# Gengetsu Stainless Clad White #2 BACK IN STOCK



## JBroida (Jun 28, 2012)

An bunch of Gengetsu White #2 Knives Back In Stock today... 
http://www.japaneseknifeimports.com/kitchen-knives/gengetsu.html


----------



## chuck239 (Jun 28, 2012)

All I can say is... Get one before they are gone again.

-Chuck


----------



## Namaxy (Jun 28, 2012)

Yes - well worth it.


----------



## JBroida (Jun 28, 2012)

i'm always amazed at how quickly these things go though... i tried to order more this time.


----------



## tk59 (Jun 28, 2012)

JBroida said:


> i'm always amazed at how quickly these things go though...
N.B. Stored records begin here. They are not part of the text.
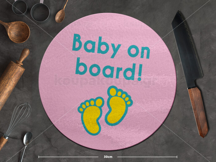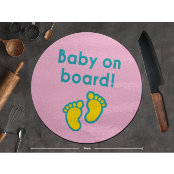 Baby on Board πατουσα Κορίτσι, Επιφάνεια κοπής γυάλινη στρογγυλή (30cm)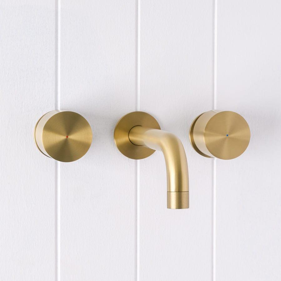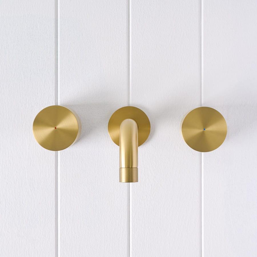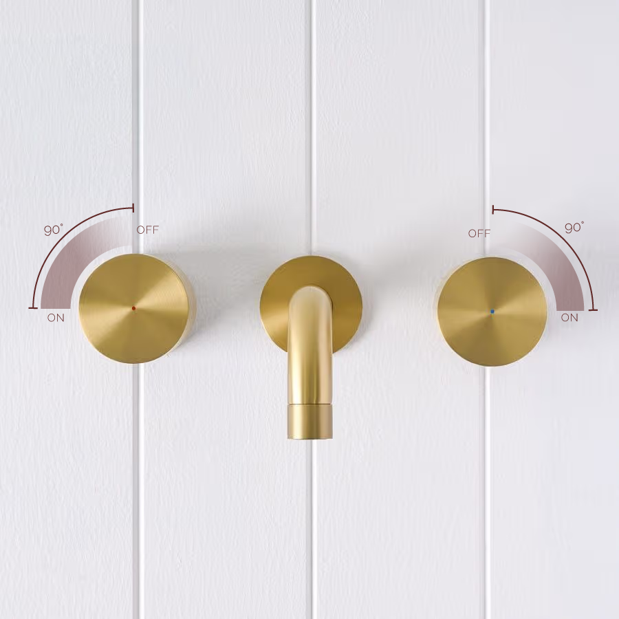The Sydney Wall Spout and Round Wall Taps in Brushed Brass adds soft glow and simple geometry to bathroom walls. The brushed finish over stainless steel feels calm against warm tiles and timber, while the curved spout creates a gentle water fall into the basin. This set gives a considered focal point without visual clutter.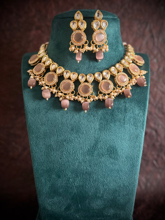 Kundan Necklace with Mauve Monalisa stone & Beads DB-KN11205Z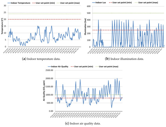 Table 2 present a summary of data presented in Figure 4. Temperature values remain below 15 C as the data are collected for February and early March, which is the end of the winter season in Jeju. The user’s acceptable range for indoor temperature is , so we need to operate heaters to adjust indoor temperature as per user set points. Cooling is not required in these experiments, as temperature never goes beyond user set points. The X-axis label indicates the day, but hourly data are plotted; and short cycles within the data indicate maximum and minimum temperature during the day and night time, respectively. Varying peaks in temperature data reflect the frequent variability in Jeju’s weather. The average value for indoor illumination data (i.e., 108.33 lux) indicates that we need to use auxiliary lighting most of the time to maintain indoor illumination within the user-desired range. User set points for illumination are selected as per the standard recommendation for office lighting [35]. Short cycles with rising peaks in illumination data indicate maximum and minimum illumination during the day and night time. In Figure 4b, flat (near zero) values can be seen in illumination data from 9 to 11 February, which indicate cloudy weather outside resulting in low indoor illumination. Low temperature values for the same period also confirm cloudy/raining weather. Indoor air quality is measured in terms of CO concentration. Repeated cycles within air quality data indicate the maximum and minimum CO concentration during the day (mostly occupied) and night (less occupied), respectively. Varying peaks in indoor air quality data indicate the impact of outdoor weather and wind speed on the indoor environment. The typical concentration of CO in the outdoor environment ranges from 300 to 500 ppm; thus, an acceptable range from 800 to 1000 is selected for indoor CO concentration as per the American Society of Heating, Refrigeration, and Air Conditioning Engineers (ASHRAE) standard [36].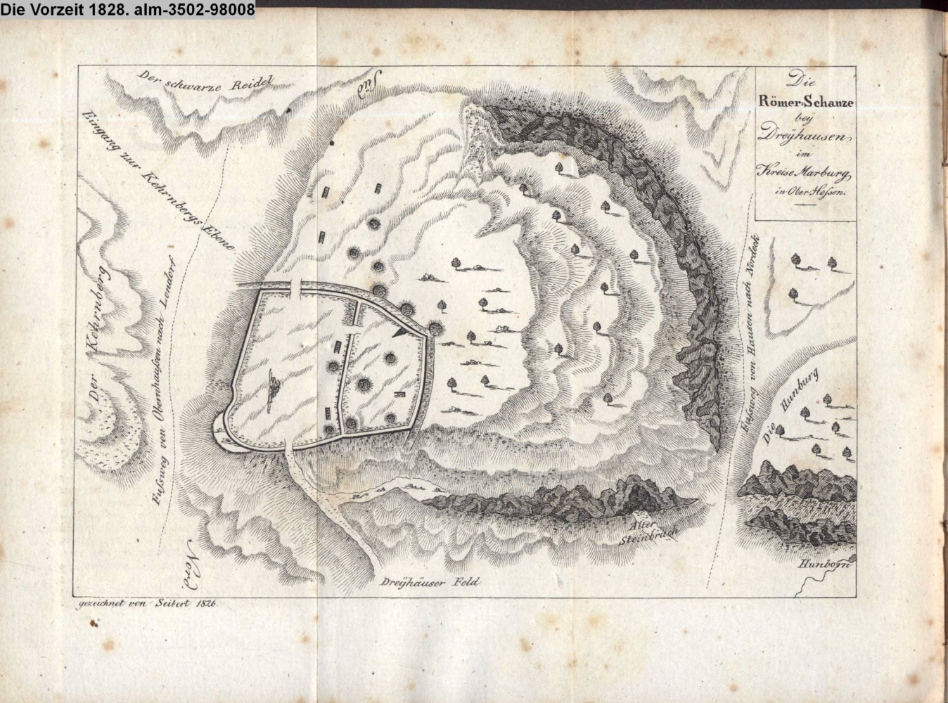 auszufaltende Karte; Beigabe zu »Die Römerschanze, bei Dreihausen, in Oberhessen« von Seibert

Why? Looks good, cuts great, nobody else has 'em. I might need one in white #2, as well as the semi-stainless...


----------



## Namaxy (Jun 28, 2012)

I haven't tread these waters that long, but in my opinion of the many variations I've tried, this and DT's clad powdered steel are the two top performers so far.


----------



## Vertigo (Jun 29, 2012)

Needs moar sujis!!!


----------



## tk59 (Jun 29, 2012)

Vertigo said:


> Needs moar sujis!!!


+1. When are you gonna bring in the sujis, Jon?


----------